The other great story of the Olympics was the return of U.S. men’s basketball to world prominence. Kobe Bryant and LeBron James led a team coached by Mike Krzyzewski through the preliminary rounds. In the final, the so-called “Redeem Team” needed all their talent and passion to beat Spain, 118-107. But beyond reclaiming world supremacy, the team also behaved impeccably, charmed a basketball-mad Chinese public and restored the honor of the NBA.

We returned from the Olympics in time for the final month of the Major League Baseball season that had surprises of its own. The Yankees struggled all season, finishing out of the playoffs for the first time in 14 years. And the best team in the AL East wasn’t the Yankees or the Red Sox but the Tampa Bay Rays, who had never had a winning season and had been the worst team in baseball the previous season.

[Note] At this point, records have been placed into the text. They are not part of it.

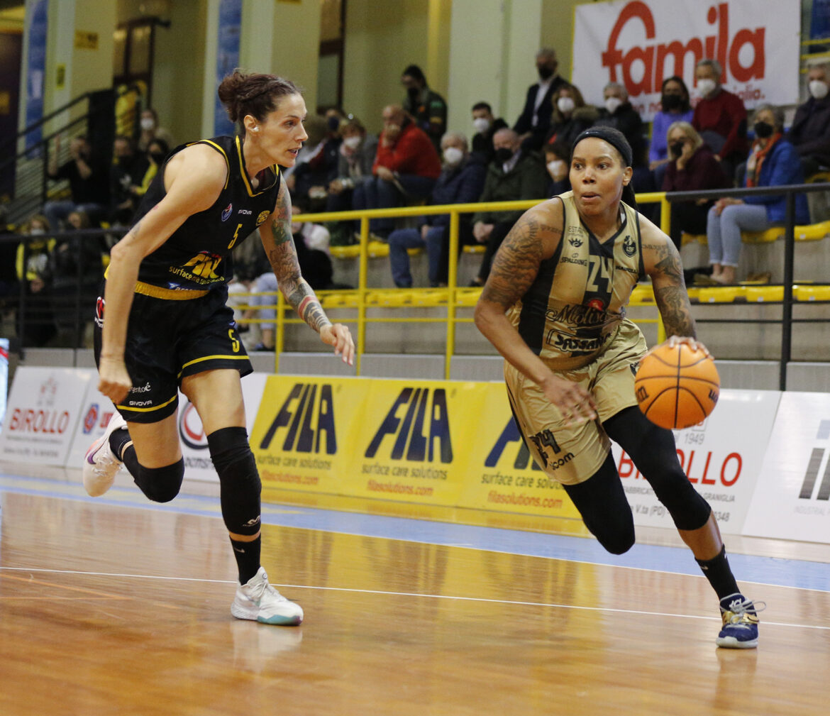EPILOGO INCERTO Gli ultimi dieci minuti ‘regolamentari’ si aprono con un ulteriore tentativo di sprint delle rossoblù con i due canestri in successione di Reshanda Gray (47-53) e, successivamente, quello di Togliani. La via del canestro, però, comincia a farsi improvvisamente ‘strettissima’ per le magnolie, che con Lawrence e Trimboli si approcciano allo sprint avanti di quattro (56-60). Parks con un 1/2 dalla lunetta mantiene un possesso di margine sul 58-61, ma la tripla di Mitchell manda le due squadre al supplementare, il secondo della stagione dopo quello a Costa Masnaga.
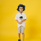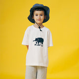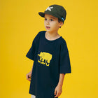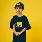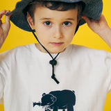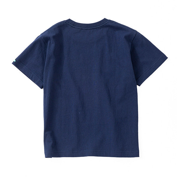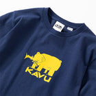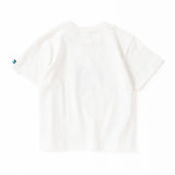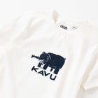 KAVUキッズのために、オトナとおそろいのTEEをご用意しました。おそろいを着て、さてどこに出掛けましょう!フロントにアップルがプリントされたTシャツにはベロア調のフロッキープリントを採用して、少しもこもこで立体的なプリントになっています。
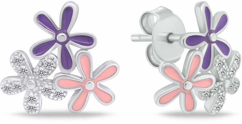 Fehérarany fülbevaló újszülöttnek Virág cirkóniával, modell IZ27803
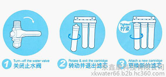 新康多功能还原水机滤芯更换时只需3步即可,第一:关闭水阀、第二:旋转并退出旧滤芯,第三:更换新滤芯并拧紧。
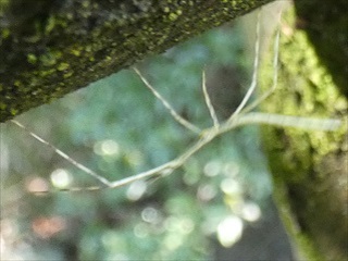 大きなタケノコがたくさんあり、若いのを探して掘り取りました。何とかして自分で掘ろうと小学生の子が頑張っていました。車まで持っていくのも苦労するほど取れた人もいて、楽しく過ごしました。竹林で食痕のあるエノキの葉裏に3匹のナナフシモドキがいました。
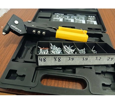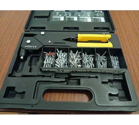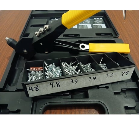 - Практичное хранение Заклепочник поставляется в удобном кейсе с отсеками для крепежа
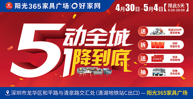 热门商家排行榜-4月30日-5月4日 阳光365家具广场 5动全城 1降到底
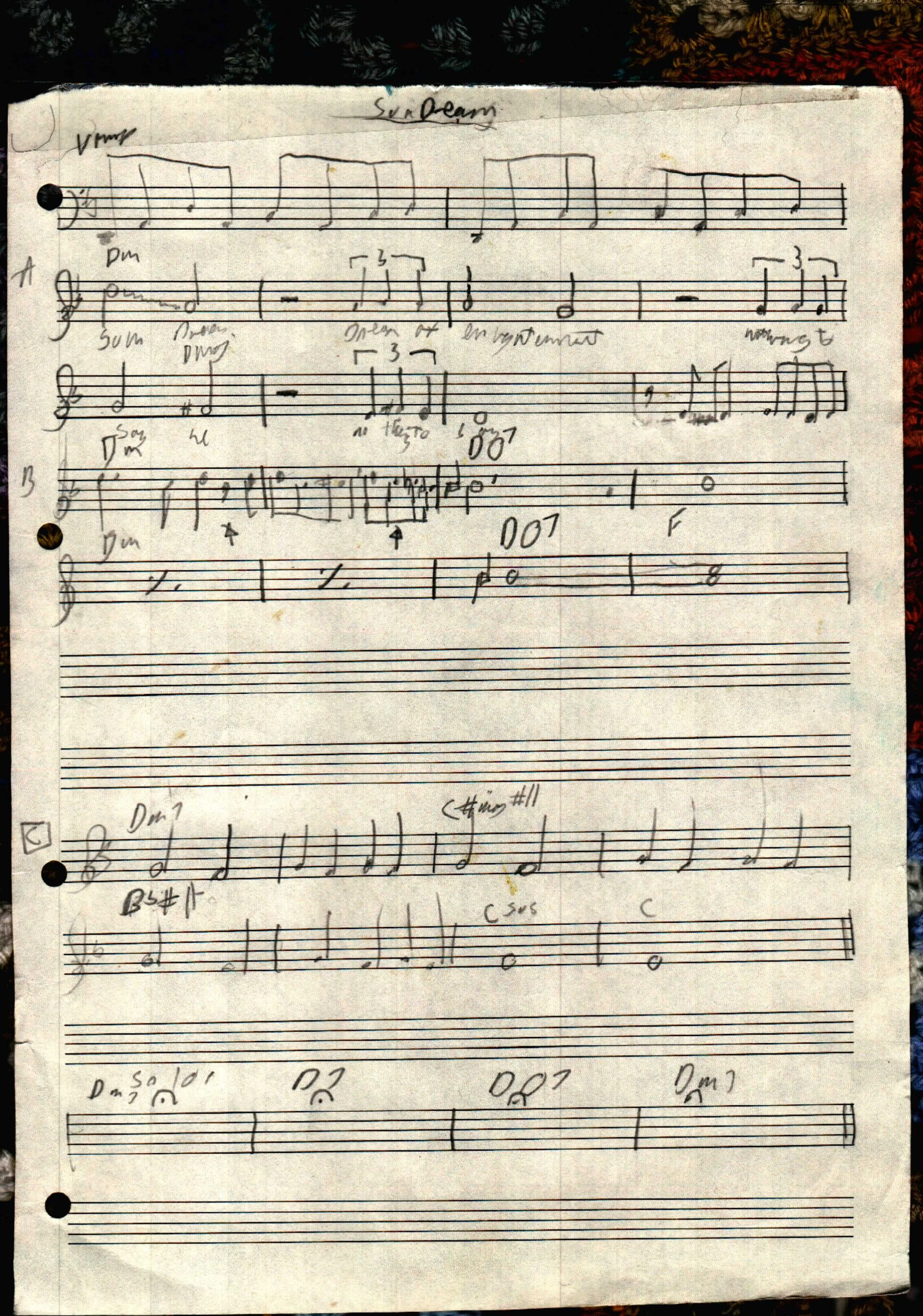 Original handwritten sheet music for ‘Sun Dream’, with a non-existent band in the B section. The C section features different chords to the final track.

Elsewhere, Manny Ramirez pouted his way out of Boston and onto the Dodgers. In two months, he single-handedly carried Los Angeles into the playoffs. In Milwaukee, CC Sabathia, acquired from the Indians, was doing the same for the Brewers. And in the NL East, the Mets were in the process of blowing yet another September lead, opening the door for the Philadelphia Phillies to try yet again to win the franchises second title ever and Philadelphia’s first major sports championship in a quarter century.